In 1993, she was re-elected as Prime Minister by the largest share in Pakistani history with 86 seats and formed a new Government. This time, she put hunger, housing and health care as her top priorities. She also built schools all over the country and brought electricity to the countryside.
However, again her own-nominated President, Farooq Ahmad Khan Leghari, dismissed her government in 1996 on corruption charges. She was forced to leave her homeland. Her family lived in exile in London for nine years. When she was able to come back to their native country, her motorcade was attacked by a suicide bomber. Although 100 bystanders died in the attack, she survived this first assassination attempt.

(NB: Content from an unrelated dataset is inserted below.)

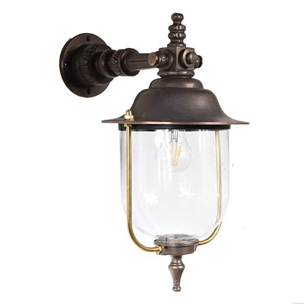Utebelysningen är tillverkad i solid handgjuten mässing, vilket gör denna armatur lätt att fästa på väggen. Vägglyktan är mkt lämplig vid kustmiljö med hög salthalt i luften. Vägglampan är omtyckt då materialet ej gör att den rostar och att den är så underhållsfri, en armatur för generationer!

In 2008 with national elections scheduled, Bhutto was again attacked by a gunman who fired at her car before detonating a bomb. She was rushed to the hospital but died at Rawalpindi General Hospital during the long surgery.
By Yoon Joung Lee
Eleanor of Aquitaine, renowned for her outstanding beauty and wealth, was born on 1122 in Bordeaux in the region of Aquitaine; as the oldest of three children, to her father, William X, Duke of Aquitaine and her mother, Aenor de Chatellerault. Eleanor grew into a woman of great strength and intelligence.

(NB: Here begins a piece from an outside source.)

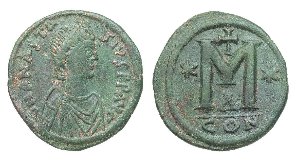 Φόλλις του Αναστασίου Α΄, 491-518, Αθήνα, Νομισματικό Μουσείο (αρ. ευρ. ΝΜ 1892/3 Λ΄ 404). Η θεμελιώδης νομισματική του μεταρρύθμιση, το 498, ορίζει και τη συμβατική απαρχή της βυζαντινής νομισματικής.

When she was fifteen in 1137, she inherited her father’s land as her father died in that same year. Just a few months after her father’s death, she married Louis, heir to the throne of France. Her husband ruled as king when his father died less than a month later. Eleanor was anointed a Queen. They had two daughters, Marie and Alix. With her strength and courage, she accompanied her husband on the Second Crusade with thousands of knights and three hundred attendant ladies.
On the voyage to the Second Crusade, Louis and Eleanor decided to separate and publicly acknowledge their marriage had failed. Even the Pope intervened to heal their relationship, but it was not possible and the marriage was annulled. It’s still not clear but many people assume that the main cause of their separation is the fact that they had no son as their next heir.

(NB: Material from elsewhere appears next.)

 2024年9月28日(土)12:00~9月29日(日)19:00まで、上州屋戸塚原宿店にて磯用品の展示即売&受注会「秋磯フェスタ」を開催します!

In 1152, she married Henry FitzEmpress, Duke of Normandy and heir to the throne of England. It was one of the most powerful unions in European history. Two years later, Henry was anointed King Henry ll of England at Westminster Abbey. Aquitaine then became part of the Plantagenet Empire. Eleanor also got her second chance to be Queen.
Although Henry was eleven years younger than her, the age didn’t limit her love. With Henry, she was finally satisfied and began to be actively involved in creating the powerful dynasty. Henry and Eleanor had eight children, five sons and three daughters. Including her 2 children with Louis, Eleanor had a total of ten children. When she gave birth to her youngest son, John, she was forty five years old. Unfortunately Eleanor’s first two sons died in infancy and her 3rd son, Richard the Lionheart, became a troubadour, courtier, famous crusader and eventually King of England and Duke of Aquitaine by his mother’s lead.
Her husband Henry spent most of his time away to defend his territories and Eleanor spent much of her time with her beloved children and grandchildren, arranging them marriages. With her efforts, she made Aquitaine English crown lands until The Hundred Years War (1337), when French nobility battled for control over the region and won.
In 1189, her son Richard became the King as Henry died. But Richard the Lionheart only sat at the King’s position for the next ten years and died by a stray arrow wound in 1199. He was buried next to his father. His brother John took over Richard’s place. The heartbroken mother lived only five more years and died at her age of eighty-two in 1204. Eleanor of Aquitaine was, without doubt, one of the most colorful and powerful Queens in history.